Als de kerels te gare zijn
Doedle bomle rom dom dom.
Wat liedje moet er gezongen zijn?
Doedle rom dom dom!

R.
't Kerelslied, 't Kerelslied,
Doedle bomle rom dom dom.
't Kerelslied, "t Kerelslied,
Doedle rom dom dom.

2.
Zij renden met zessen langs de baan,
Doedle bomle rom dom dom.
Zij hadden stalen kleren aan,
Doedle rom dom dom!

R.
Isegrims, Isegrims ...

3.
Zij hadde, waaiend' helmen aan,
Doedle bomle rom dom dom.
Zij renden zingend langs de baan,
Doedle rom dom dom!

R.
Wat zongen zij? Wat zongen zij? ...

4.
Van edele ridders en heren groot,
Doedle bomle rom dom dom.
Van nijdige kerels en galgedood,
Doedle rom dom dom!

R. Isegrims, Isegrims ...

5.
De kerels kennen een schoondren zang,
Doedle bomle rom dom dom.
De zang der kerels en is niet lang,
Doedle rom dom dom!

R.
Maar zegt veel, maar zegt veel ...

6.
Vliegt de blauwvoet?
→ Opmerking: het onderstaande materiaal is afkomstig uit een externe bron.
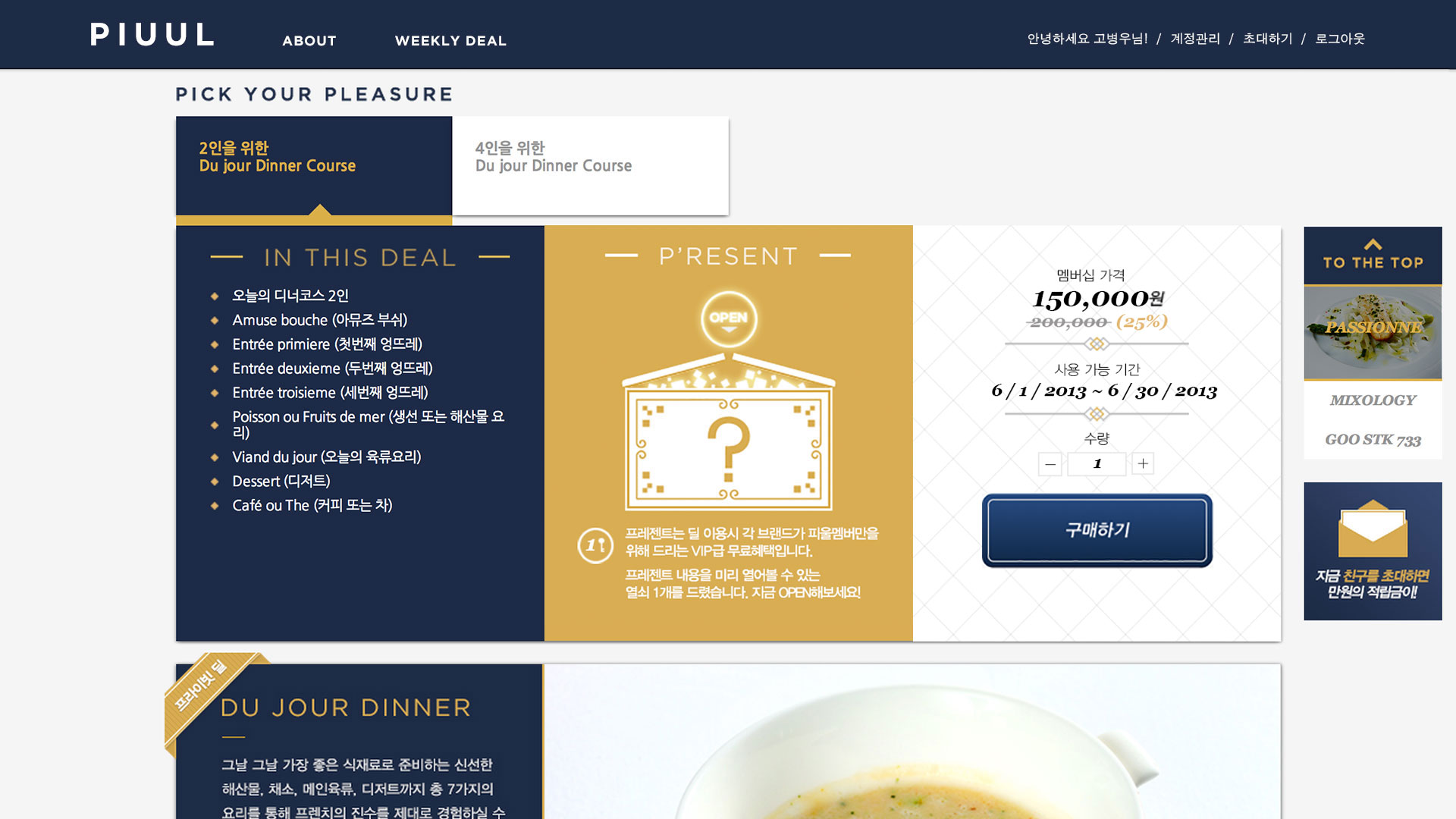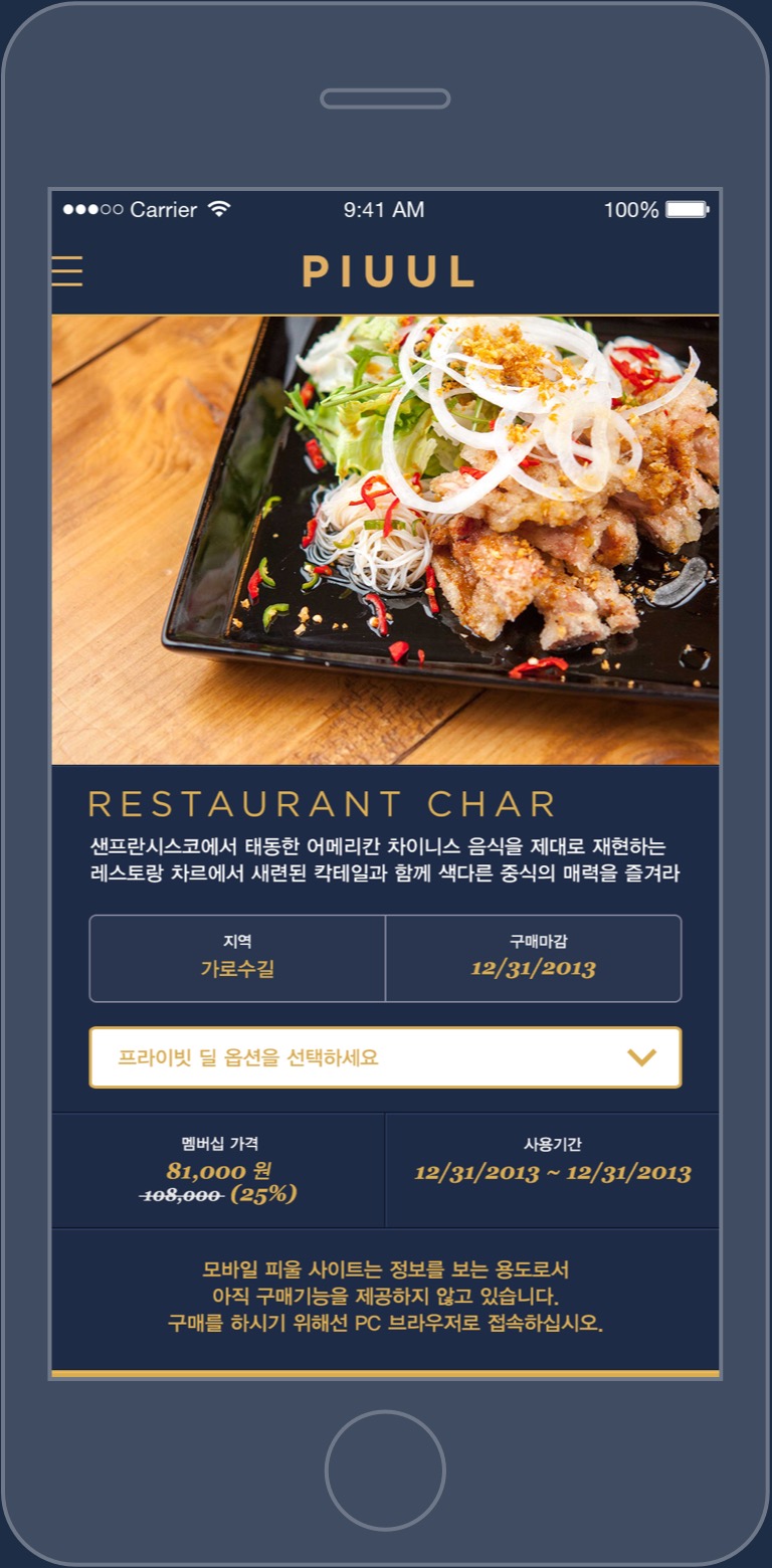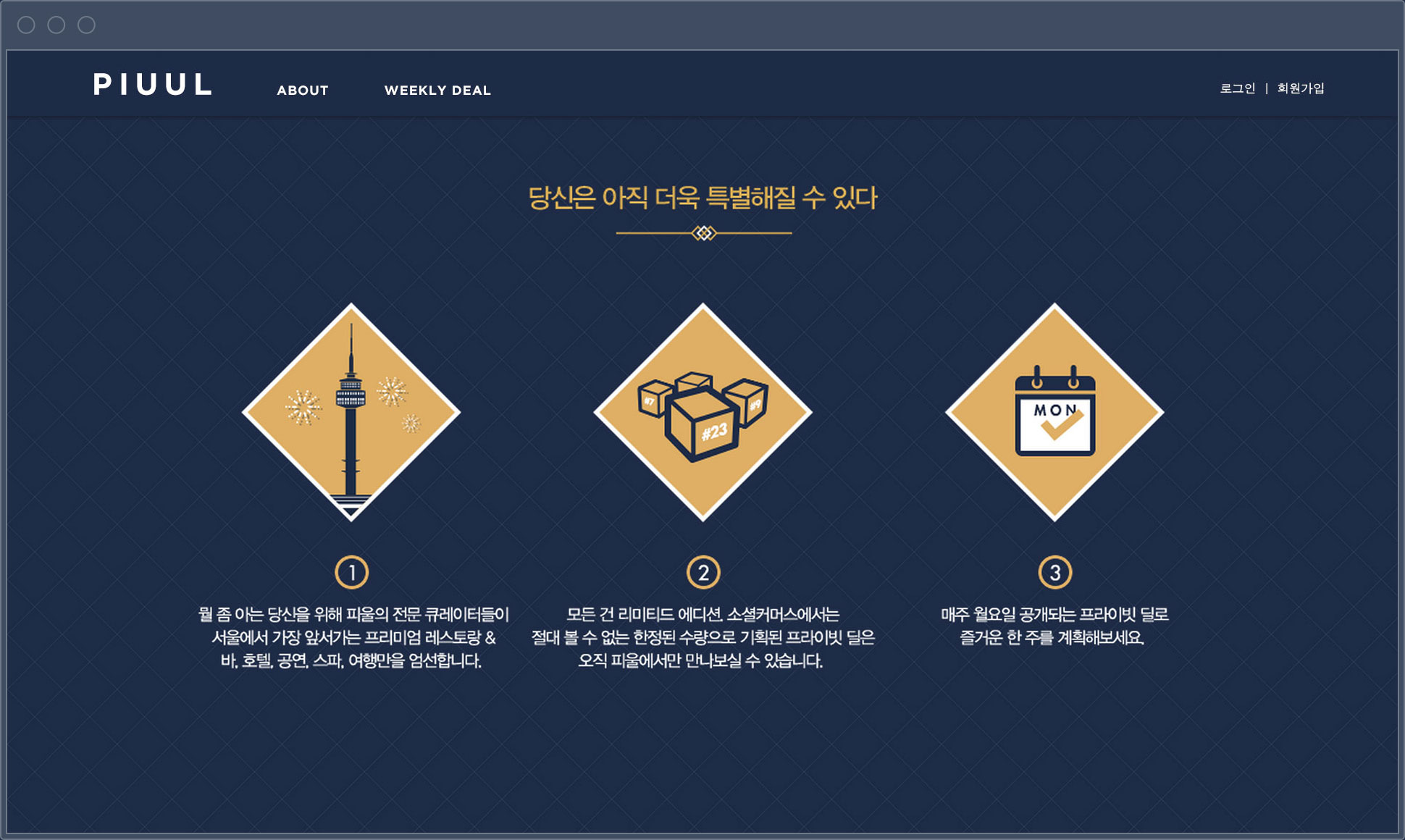 Piuul was a Korea-based luxury lifestyle service that provided exclusive discounts for Seoul's esteemed food, beverage, and hospitality businesses. Piuul catered to the ever growing demand for luxury goods and services, which Koreans, on average, spend 5% of their income on. Founded by four other CMU graduates and myself, Piuul operated from 2012 to 2013.

Storm op zee!
Doedle bomle rom dom dom.
Vliegt de blauwvoet? Storm op zee!
Doedle rom dom dom!

R.
Storm op zee! Storm op zee! ...

7.
En als de kerel aan 't zingen valt,
Doedle bomle rom dom dom.
Zijn liedje vromer als de andere schal:
Doedle rom dom dom!

R.
Storm op zee! Storm op zee! ...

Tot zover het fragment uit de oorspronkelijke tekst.